By Alexis Papachelas

In order to exit the crisis, we need to understand exactly what happened to us. This is no easy feat when a large section of society has reached the limits of its sanity and tolerance. That said, there are a number of persisting myths that derive from our proclivity for conspiracy theories and our tendency to blame others for our ills.

The first myth is that the debt crisis was orchestrated to bring down Greece, either because some people invested in the CDS market or because others wanted to exploit our natural resources. However, the fact that the crisis has hit many other states – with France being next on the list – has debunked the anti-Greek conspiracy theory.

The second myth is that the country could have secured much-needed loans from bilateral agreements rather than signing up for the memorandums with the troika. This is hard to understand in the wake of Cyprus’s experience and the desperate attempts made by President Dimitris Christofias to hammer out a bilateral loan. No one – neither Russia nor China, it seems – will lend money outside the framework of the EU and International Monetary Fund.

Interestingly, such theories have not taken root in other crisis-hit countries. So either we are so clever that we can see right through what really happened or we have allowed the sirens of populism and nationalism to go unchecked. Public debate in Cyprus, Ireland and Italy does not revolve around theories of betrayal and conspiracy. To be fair, of course, our politicians and foreign lenders did make a number of huge mistakes in managing the Greek crisis. Mistakes, however, are one thing and conspiracies quite another.

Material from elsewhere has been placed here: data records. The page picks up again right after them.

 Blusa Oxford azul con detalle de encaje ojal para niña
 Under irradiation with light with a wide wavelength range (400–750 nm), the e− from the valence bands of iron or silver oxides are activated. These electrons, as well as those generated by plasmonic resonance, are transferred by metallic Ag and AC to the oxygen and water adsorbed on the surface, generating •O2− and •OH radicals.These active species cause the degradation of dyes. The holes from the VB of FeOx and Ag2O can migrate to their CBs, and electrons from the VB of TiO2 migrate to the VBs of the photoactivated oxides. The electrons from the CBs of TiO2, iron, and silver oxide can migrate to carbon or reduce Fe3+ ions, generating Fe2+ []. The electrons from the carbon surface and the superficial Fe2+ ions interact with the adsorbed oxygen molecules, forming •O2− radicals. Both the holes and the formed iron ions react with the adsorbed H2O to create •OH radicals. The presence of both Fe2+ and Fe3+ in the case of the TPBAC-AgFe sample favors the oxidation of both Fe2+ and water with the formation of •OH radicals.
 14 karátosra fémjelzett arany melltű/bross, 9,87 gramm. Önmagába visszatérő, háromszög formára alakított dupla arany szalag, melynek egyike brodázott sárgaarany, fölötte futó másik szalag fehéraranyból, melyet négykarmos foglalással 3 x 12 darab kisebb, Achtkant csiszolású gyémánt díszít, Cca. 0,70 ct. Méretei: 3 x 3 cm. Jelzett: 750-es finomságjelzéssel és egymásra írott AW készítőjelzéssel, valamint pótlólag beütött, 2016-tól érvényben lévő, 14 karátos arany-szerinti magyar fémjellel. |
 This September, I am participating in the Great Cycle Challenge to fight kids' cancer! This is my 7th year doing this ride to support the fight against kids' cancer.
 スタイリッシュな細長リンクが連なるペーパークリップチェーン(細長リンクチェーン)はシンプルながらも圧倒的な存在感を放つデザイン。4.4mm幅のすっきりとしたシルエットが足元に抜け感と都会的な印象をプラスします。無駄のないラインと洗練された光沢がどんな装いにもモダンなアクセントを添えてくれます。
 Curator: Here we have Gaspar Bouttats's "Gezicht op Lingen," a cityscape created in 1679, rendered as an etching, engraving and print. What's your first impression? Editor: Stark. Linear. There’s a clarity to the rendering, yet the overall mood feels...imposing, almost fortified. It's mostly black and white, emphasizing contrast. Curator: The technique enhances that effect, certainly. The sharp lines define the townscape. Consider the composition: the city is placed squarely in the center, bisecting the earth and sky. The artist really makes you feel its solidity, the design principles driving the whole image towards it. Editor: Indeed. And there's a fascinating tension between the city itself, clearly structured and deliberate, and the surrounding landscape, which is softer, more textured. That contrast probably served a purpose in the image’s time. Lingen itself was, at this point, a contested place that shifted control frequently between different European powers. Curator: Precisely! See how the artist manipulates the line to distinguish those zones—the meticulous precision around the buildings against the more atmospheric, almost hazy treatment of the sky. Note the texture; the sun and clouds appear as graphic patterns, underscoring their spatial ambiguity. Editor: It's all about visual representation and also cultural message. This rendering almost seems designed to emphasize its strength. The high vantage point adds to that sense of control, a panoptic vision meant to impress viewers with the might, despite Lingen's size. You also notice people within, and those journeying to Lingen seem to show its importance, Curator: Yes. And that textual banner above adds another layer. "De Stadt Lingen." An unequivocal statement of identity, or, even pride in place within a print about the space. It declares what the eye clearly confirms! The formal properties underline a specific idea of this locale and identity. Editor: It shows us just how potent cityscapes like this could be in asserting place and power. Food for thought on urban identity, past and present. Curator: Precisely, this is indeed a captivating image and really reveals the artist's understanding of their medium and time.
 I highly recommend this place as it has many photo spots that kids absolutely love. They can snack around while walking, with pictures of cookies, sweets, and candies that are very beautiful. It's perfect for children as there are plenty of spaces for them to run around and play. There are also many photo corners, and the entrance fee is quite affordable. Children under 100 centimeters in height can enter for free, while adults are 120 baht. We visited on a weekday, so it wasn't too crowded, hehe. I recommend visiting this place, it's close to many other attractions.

But there is one myth that has not been tested yet: a well-planned Greek default, the argument goes, would lead to a large part of the country’s debt being written off and increased funding from our lenders.

It’s hard to say what would have happened in Brussels last Monday if Greece had been represented by a SYRIZA or Independent Greeks official. Maybe our partners would have been frightened at the prospect of a Greek meltdown and written off a big chunk of our debt while financing our deficit with better terms. Or perhaps they would have found a way for a smooth eurozone exit. Then again, they may have simply stopped backing Greece’s rescue program and let the government deal with the collapse of the banking system and the rest all on its own. The second and third scenarios are more likely, but it’s like having to predict whether there is life after death.

The most popular myths are losing their credibility – save the one of Greek bravado that is naturally popular among a frustrated people. Some say society will calm down and turn its back on the big talkers and chest thumpers by becoming aware of the risks involved in such bluffing. And perhaps it will.